Ia tampak mendampingi putranya yang akan masuk jenjang SMA di Sekolah Rakyat.
Putranya bernama Gusti Ahmad Raihan, merupakan lulusan MTs An-Nur Rimbawan dan termasuk satu dari 50 calon siswa SMA yang menjalani tes kesehatan dan kesemaptaan.
Suami Hajrah bekerja sebagai tukang potong rumput di kebun desa, dengan penghasilan di bawah Rp2 juta per bulan.
Hajrah mengetahui informasi mengenai Program Sekolah Rakyat dari pendamping Program Keluarga Harapan (PKH).
“Saya tanya lewat WA, ‘Apa itu SR?’ Lalu dijelaskan itu sekolah asrama. Saya tanya ke anak saya, ternyata dia mau,” ungkap Hajrah.
Ia mengaku bersyukur karena hampir seluruh kebutuhan anaknya akan ditanggung oleh Sekolah Rakyat.
“Kata pendamping PKH, semua disiapkan. Dari seragam, makan tiga kali sehari, sampai celana dalam katanya ditanggung. Saya sampai kaget. Alhamdulillah, anak saya juga senang,” ucapnya.
Meski tinggal cukup jauh di Tanah Merah, Hajrah tetap akan terus menjenguk anaknya secara berkala, minimal sebulan sekali.
“Kalau tiap minggu tentu berat di ongkos. Tapi kalau sebulan atau dua bulan sekali saya sempatkan, insya Allah,” ujarnya.
Menurut Hajrah, yang paling penting baginya adalah memastikan tidak adanya kekerasan fisik di lingkungan sekolah.
“Yang penting enggak ada kekerasan fisik. Kemarin saat wawancara di Dinsos, saya sampaikan itu. Mereka bilang enggak akan ada. Saya percaya karena ini program baru, belum ada senior-junior yang biasa jadi sumber masalah,” tambahnya.
“Semoga berjalan baik, enggak ada ketimpangan. Masuknya baik, keluarnya juga baik. Anak-anak lebih sukses,” ucapnya.

Randi: Anak Yatim Lulusan SMP Negeri yang Siap Mandiri Lewat Sekolah Rakyat Samarinda
Sementara itu, Muhammad Randi Arsil (15), salah satu calon siswa SMA Sekolah Rakyat lainnya, juga membagikan kisahnya.
Ia tinggal di Bayur, Kelurahan Sempaja Utara, bersama ibunya yang bekerja sebagai asisten rumah tangga. Ayahnya telah meninggal dunia.
“Saya tahu ada nama saya di daftar PIP (Program Indonesia Pintar), dari Dinsos. Lalu dia kasih tahu soal Sekolah Rakyat ini,” kata Randi.
Randi adalah lulusan SMP Negeri 47 Samarinda.
Sebelum diterima di Sekolah Rakyat, ia sempat bekerja sebagai pelayan di sebuah vila untuk membantu kebutuhan keluarganya.
“Sekarang libur dulu karena mau masuk sekolah. Nanti tinggal di asrama, semuanya sendiri. Tapi orang tua setuju,” ujarnya.
Terkait fasilitas di asrama Sekolah Rakyat, Randi mengatakan sudah menerima penjelasan dari Dinas Sosial dan mengaku tidak sabar segera bersekolah di Sekolah Rakyat.
“Katanya makan ditanggung, seragam juga, tinggal di asrama dapat iPad, sepatu, sama pakaian sehari-hari. Jadi bisa lebih mandiri,” ujarnya.

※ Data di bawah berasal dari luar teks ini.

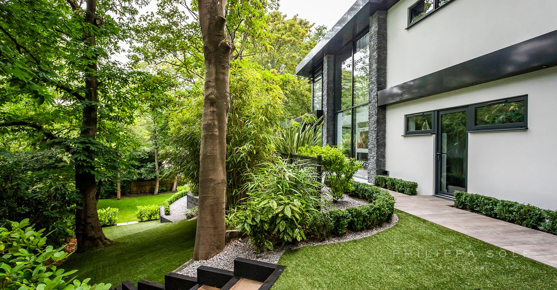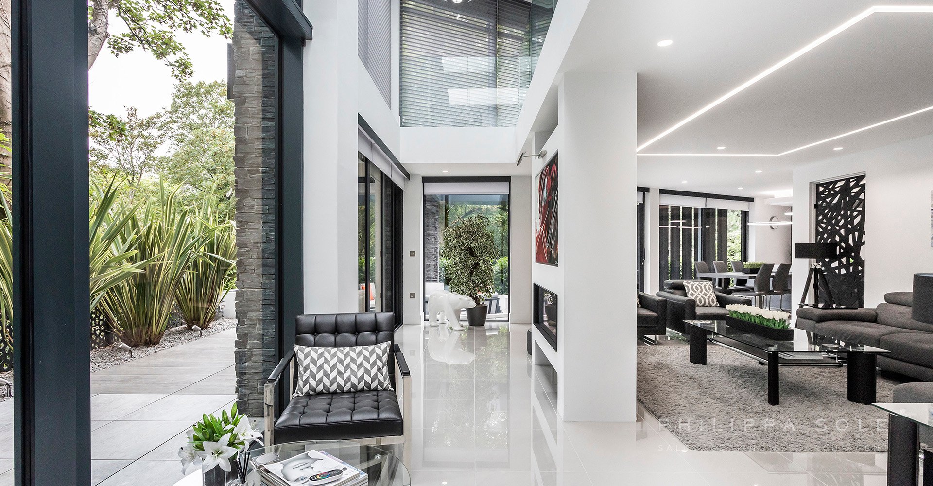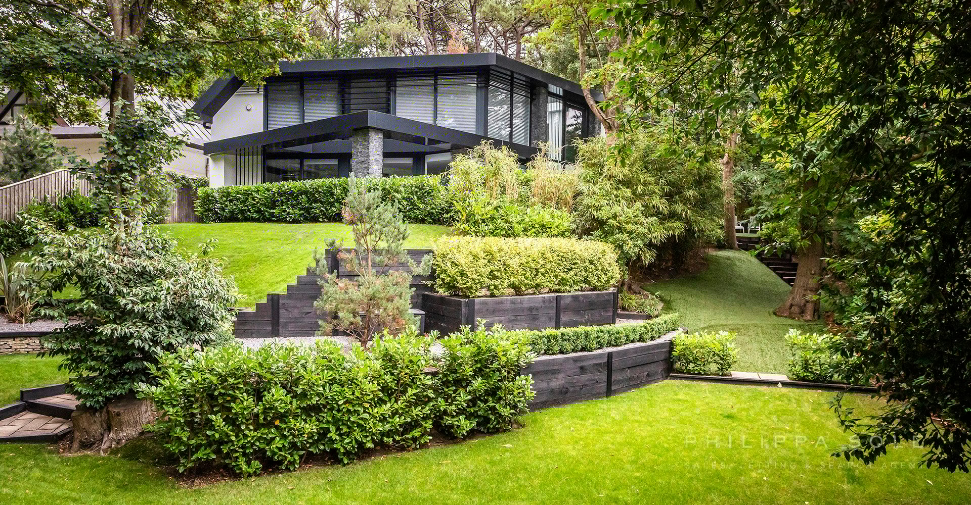 This modern architecturally designed home has been created to encapsulate its surroundings. On entering this home you are immediately struck by the amount of light from its floor-to-ceiling, double height gallery and fully glazed walls. The cleverly designed open plan, ground floor living space flows effortlessly from one space to another. A modern Leicht kitchen blends into surroundings due to the cleverly designed hidden storage. The kitchen/dining area whist being open plan is divided by a contemporary panel from the formal living room which features a floor-to-ceiling dual aspect fireplace. Beyond here is the double height gallery area, ideal as a space to relax whilst embracing the evergreen background beyond from the double height windows. From the kitchen doors you are lead to an impressive and fully equipped state of the art cinema room/snug. The utility room which offers direct access to both the garden and double garage. A floating feature bespoke staircase with internal lighting leads to the first floor. The master bedroom enjoys lovely views from the full height sliding doors and Juliet balcony. The luxurious en-suite shower room is beautifully equipped with a double sink and walk in shower. Beyond this is the fully equipped dressing room overlooking the garden. There are two further guest suites (one with a walk-in wardrobe) and en-suite shower rooms. From the landing, you are lead to a stunning open plan galleried study/library which overlooks the floor-to-ceiling relaxation area below. The garden has been designed to be an extension of the house with access from the kitchen and living area via full height sliding doors. The fully tiled patio area provides an ideal space in which to entertain with a cleverly designed pergola. A bespoke water feature combined with the luscious evergreen planting surrounding this area provide privacy and seclusion. Adjacent to the utility room and garage is a level area of Faux lawn and from here, sleeper steps provide access to the remainder of the garden which gently slopes until it reaches a further level area. A private gate which gives access to Branksome Beach in under 250 steps.

“Saya belum tahu seperti apa sekolahnya, tapi saya siap. Ini kesempatan buat saya mandiri. Semua fasilitas katanya disiapkan, tinggal di asrama, makan dan baju juga ditanggung,” tambah Randi.

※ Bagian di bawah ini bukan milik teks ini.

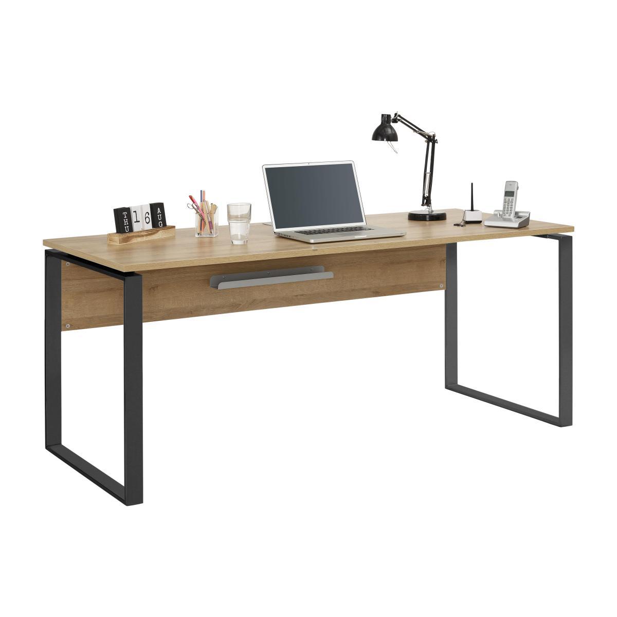 Create a modern, dynamic home-working environment with industrial pieces from the Hackney range. Choose desks of varying sizes, cabinets and drawers. Each item has a warm Riviera oak finish noted for its strength and durability, with metal, powder-coated in an anthracite colourway for a stunning finishing touch. A protective laminate is used on the edges of all pieces, with graphite handles adding detail. The range highlights precision German engineering, and is exclusive to Furniture Village. *This is a self-assembly item*. Modern, stylish and well-made, this large desk is perfect for the home office. Combining Riviera oak effect surfaces with a strong metal frame, the industrial effect is both practical and eye-catching. Why you’ll love it. A large statement office desk, perfect for home working. Generous surface area, allowing room for decorations and photos. Modern industrial style, mixing wood finish and metal. Riviera oak effect top, anthracite coloured metal frame. The desktop is scratch, stain and heat resistant. Powder-coating used on all metallic surfaces. Cable storage and aluminium cable feed through. Precision German engineering, made just for Furniture Village. What you need to know. Melamine safeguards against scratches, stains and heat damage. A protective laminate is used on the edges, boosting durability. Durable and hard-wearing. Shop the Hackney home office range for matching cabinets and drawers. WARNING!. Furniture can tip over unexpectedly and cause injury. This item shall be fixed to a wall using the anti-tip kit provided with the furniture. Be sure to use the correct wall fixings suitable for the walls in your home.

Sekolah Rakyat Siapkan Pola Pembinaan dan Perlindungan Anak dari Kekerasan
Kepala Sekolah Rakyat Samarinda, Hasyim, menjelaskan bahwa hasil pemeriksaan para siswa akan dijadikan dasar untuk pemetaan kondisi fisik dan perencanaan pembinaan selama di asrama.

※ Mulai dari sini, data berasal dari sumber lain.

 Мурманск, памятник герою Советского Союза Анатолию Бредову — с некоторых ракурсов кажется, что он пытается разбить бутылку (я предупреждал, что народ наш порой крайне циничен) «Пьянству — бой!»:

“Karena mereka tinggal di asrama dan mengikuti pola hidup yang sama, data kesehatan sangat penting. Kami ingin tahu kondisi fisik mereka, riwayat penyakit, hingga tingkat kebugaran. Semua ini akan dikombinasikan dengan tes karakter dan talent DNA nanti,” jelas Hasyim.
Hasyim menambahkan, selama MPLS, para siswa akan dikenalkan dengan berbagai kegiatan pembinaan karakter.
Mulai dari baris-berbaris, pembinaan kerohanian, hingga pelatihan mental dan kebiasaan hidup disiplin.
“Kami ingin mereka terbiasa hidup mandiri, saling menghargai, dan tidak ada yang merasa lebih tinggi atau rendah. Tidak boleh ada bullying, kekerasan fisik, kekerasan seksual, maupun intoleransi,” tegasnya.
“Anak-anak ini harus dimuliakan. Mereka berhak merasakan kesetaraan dalam pendidikan. Ini bukan hanya soal sekolah, tapi soal bagaimana kita memanusiakan mereka,” pungkasnya.